Aisin Seiki Co. Abolishes Low Priority Meetings and Dress Codes to Increase Employee Satisfaction

The Japanese are regarded worldwide as among the most hardworking people across the globe. They are known for their professionalism and dedication to their job. Last month, with the initiative of Microsoft Japan, they started to cut off the number of work days in a week to four and minimize as much as possible the conduct of meetings after office hours. These new work practices are aimed to promote work life balance and eventually boost work productivity among Japanese employees and workers.

 

Photo credit to: https://www.japantimes.co.jp

Recently, Aisin Seiki Co., a part of the well known Toyota group car parts manufacturer has also shown support over the said changes and work style reform started by Microsoft. The car company which is based in Kariya, Aichi Prefecture announced its plan to abolish some strict dress codes as well as low priority meetings so as to allow their employees more independence and freedom to come up with their own style and ideas.

 

Instead of conducting meetings with regard to topics that are not really that urgent for the operations of their business, the firm asked three hundred of their employees to simply send emails to their officemates at the start and end of the day to report about their schedule.
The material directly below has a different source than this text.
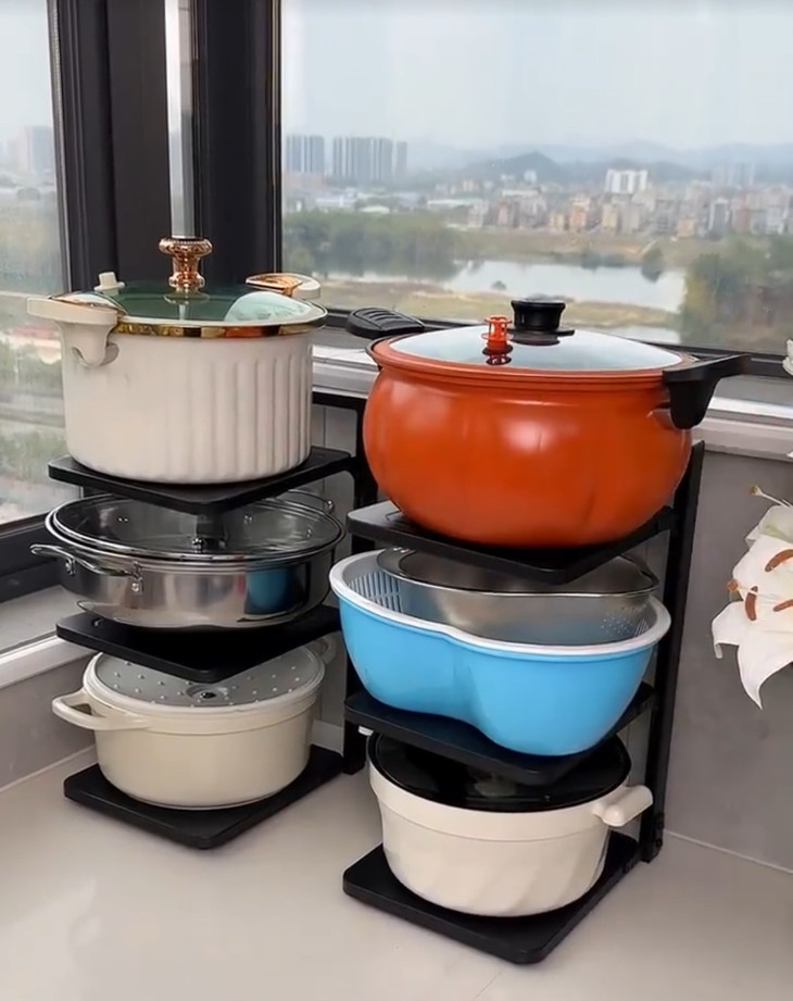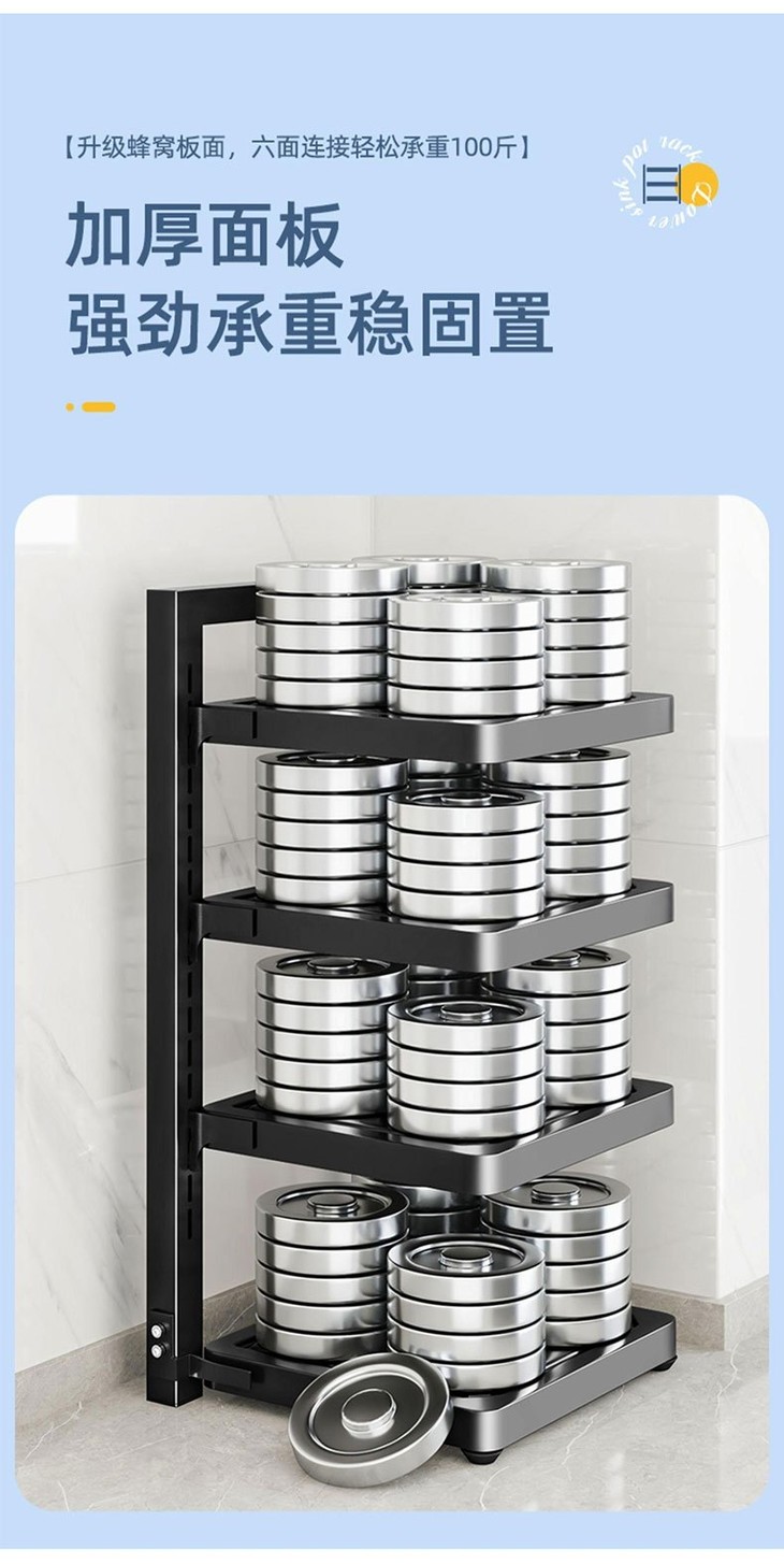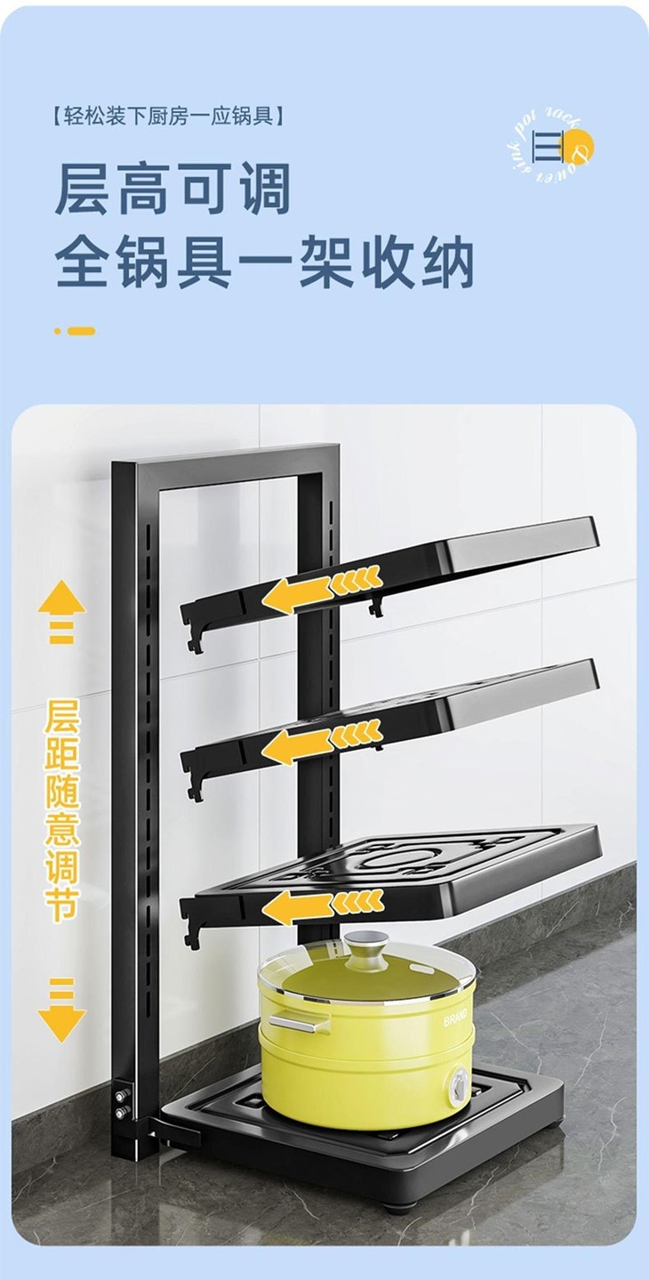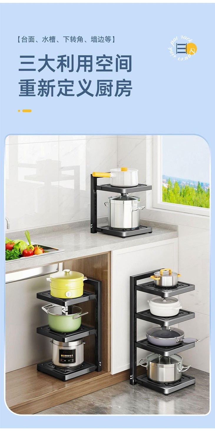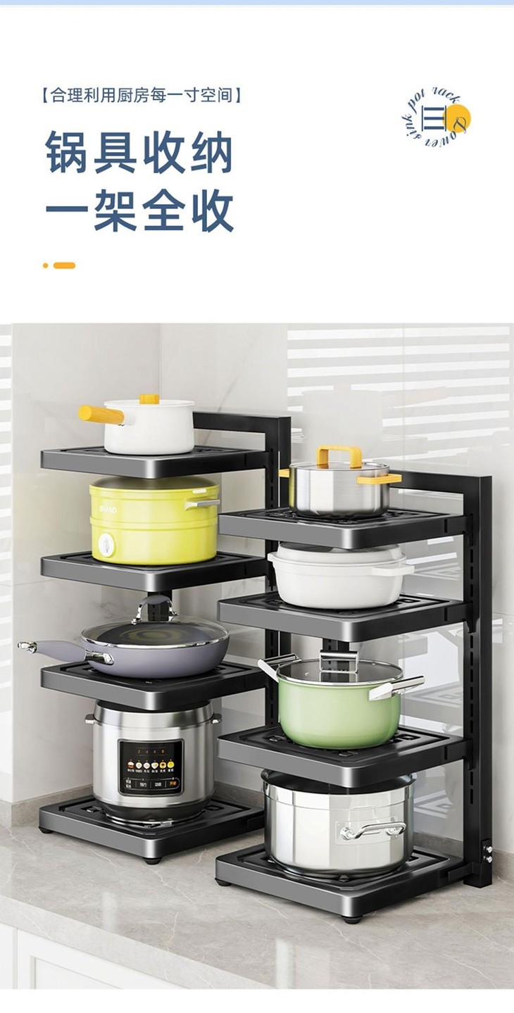 🌸一个顶十个❗❗还厨房一个干净整洁【Trees&wind锅具收纳架】 🌳多层可调节,各种锅具杂物都能分区摆放 ✅层高可随意调节,各种尺寸的锅都能放

In addition, the company encourages the workers from each committee to share some insights about their private lives to promote open communication in the workplace.

 

According to Tomohisa Murase, the human resources head of Aisin Seiki Co., “It doesn’t have to be much. But if they can share among their team members something to talk about, then it might strike up further conversation and make it easier for them to consult on issues related to work, too.”

 

Furthermore, the company preferred teleconferences with their employees rather than asking them to personally attend low priority meetings as one of the steps to increase their job satisfaction.

 

Reference: Toyota group member Aisin Seiki cuts low-priority meetings, reducing work hours as a result

COMMENTS

Leave a Reply

Your email address will not be published. Required fields are marked *

Want to know the latest news and openings in Japan.

Subscribe to our weekly newsletter.

Promise, we’ll keep you posted!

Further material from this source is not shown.